Immediate postoperative weight-bearing status does not seem to affect nonunion rates. We observed a statistically significant association between rigidity score and nonunion. This study supports the utility of the RUST and modified RUST scores in distal femur metaphyseal fractures.

Level of Evidence: 

Therapeutic Level IV.

1. Introduction

Distal femur fractures represent a relatively small percentage of all fractures (0.5%), but the incidence is increasing, now occurring in up to 37 people per 100,000.1–4 Fractures of the distal femur are commonly treated with a lateral locked plate (LLP), particularly in the elderly population. Nonunion remains a significant clinical challenge after LLP fixation, and several large case series have reported nonunion rates ranging between 10% and 22%.5–8 Surgical treatment of distal femur nonunion often results in significant morbidity to the patient and significant cost to the health care system. While the diagnosis of nonunion is often straightforward, no clear consensus on clinical or radiographic parameters exists. Recent literature has advocated for the use of the Radiographic Union Scale for Tibia (RUST) and modified RUST scores in metadiaphyseal fractures including the distal femur.9

Several independent risk factors for nonunion after LLP fixation of distal femur fractures have been identified in previous studies including age, obesity, diabetes, smoking status, open fracture, infection, and degree of comminution.6–8 Rodriguez et al8 recently highlighted additional variables that may affect nonunion rates, such as plate material (stainless steel vs. titanium) and construct rigidity score.8 Relatively few studies, however, have investigated the impact of different immediate postoperative weight-bearing regimens on nonunion rates. Many authors recommend non–weight-bearing (NWB), typically because of concerns related to poor bone quality and marginal construct stability.10 Other investigators, however, have suggested that immediate weight-bearing as tolerated (WBAT) is safe and not associated with early postoperative fixation failure or other complications.11,12

The primary purpose of this study, therefore, was to investigate immediate postoperative weight-bearing status, along with other potential risk factors for nonunion after locked plating of distal femur fractures. We also sought to investigate the association between radiographic union scores and clinically determined fracture union in distal femur fractures.

2. Methods

2.1. Patient Selection and Variables of Interest

Approval for this study was obtained from the Health Sciences Institutional Review Board. The study was deemed exempt by the Institutional Review Board, and the research was conducted in accordance with the Declaration of the World Medical Association. All adult distal femur fractures treated operatively over a 10-year period (2007–2017), at a single academic, Level-1 trauma center were identified using billing records. The departmental billing database was queried using Current Procedural Terminology (CPT) codes for plate fixation of distal femur fractures (CPT codes 27,507 and 27,511) in patients aged 18–89 years. Exclusion criteria included patient younger than 18 years or older than 89 years, fractures with intra-articular (transcondylar) extension, pathologic fractures, diaphyseal fractures, fractures treated with intramedullary nailing, patients requiring restricted weight-bearing of the contralateral leg, or those with clinical/radiographic follow-up <12 weeks.

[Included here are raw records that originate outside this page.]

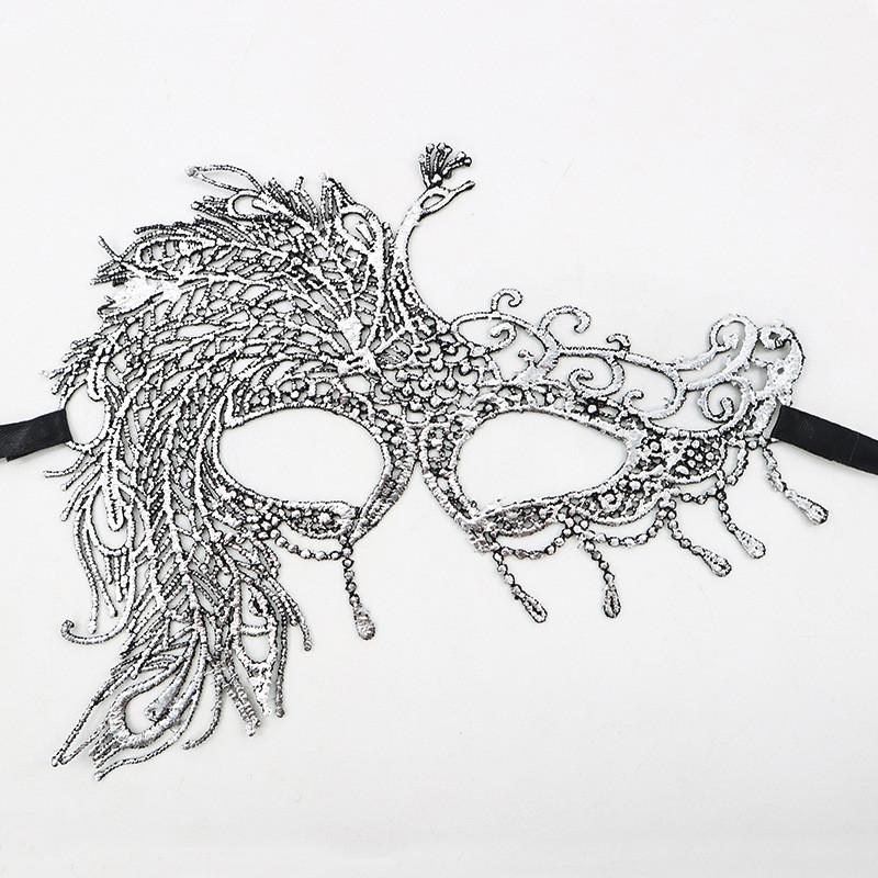 Карнавальная маска Павлин. Размер: 20 на 14 см. Цвет: серебристый. Материал: кружево. Маска на лицо для всех видов вечеринок. Вы будете выглядеть очень таинственно. Также подходит маска для Хэллоуина.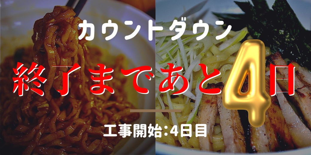 【活動報告 DAY42】 (5/5)チャレンジ四十二日目、4名のご支援者様が現れました!【達成率】43% 【ご支援総額】1,233,251円【1,200,000円到達しました!】【人気】①位 名入れ丼(追加してます!)②位 おうち麺爺③位 木札『大』&キーホルダー【麺爺の歩み㊶】本クラウドファンディンギグは残すところ『3日』です。5/6(金) 5/7(土) 5/8(日)現在43%のご支援を頂いております。【店内の内装工事の様子】集中できるかなぁ。。。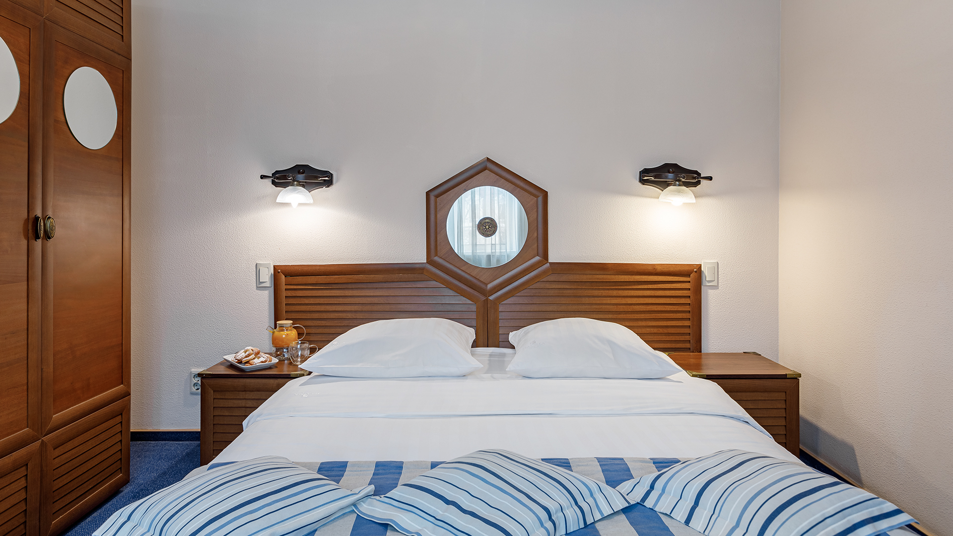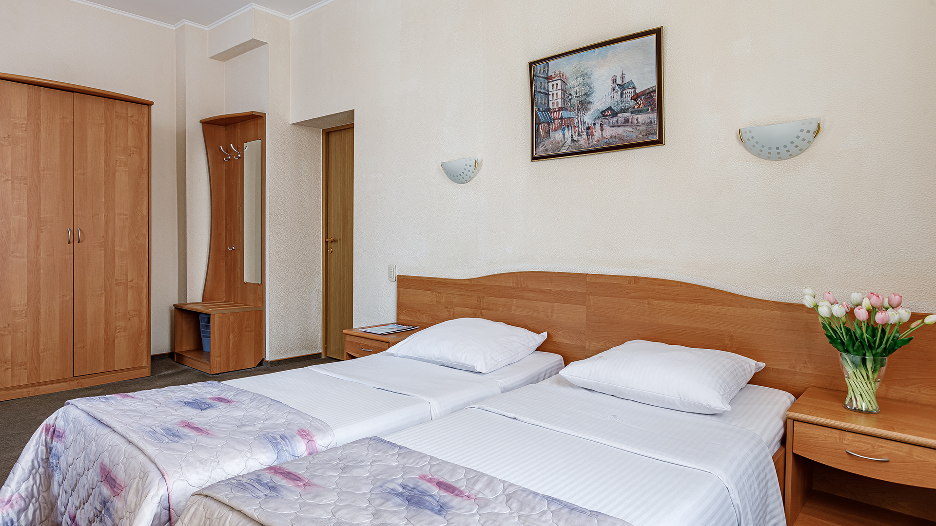 вешалка, зеркало, кровати односпальные, прикроватные тумбочки, стол, стул, шкаф

Standard demographic variables were extracted from the database including sex, age at time of surgery, race/ethnicity, body mass index (BMI), American Society of Anesthesiologists score, and tobacco use. Obesity was classified as BMI of 30.0 or greater. Perioperative and postoperative clinical variables of interest included fracture type (open vs. closed), periprosthetic fracture (yes/no), immediate postoperative weight-bearing status (weight-bearing all tolerated/full weight-bearing, touch-down weight-bearing (TDWB) or partial weight-bearing, and non weight-bearing (NWB)), time interval from surgery until full weight-bearing was permitted, reoperation, reason for reoperation, and clinical fracture union. The primary outcome for the study was nonunion of the distal femur. Consistent with previous studies,7,8,13 nonunion was defined as the incidence of any additional surgical procedure performed after the index surgery to promote or assist with bone healing. Patients who did not ever require secondary surgery for bone healing were defined as having achieved clinical union.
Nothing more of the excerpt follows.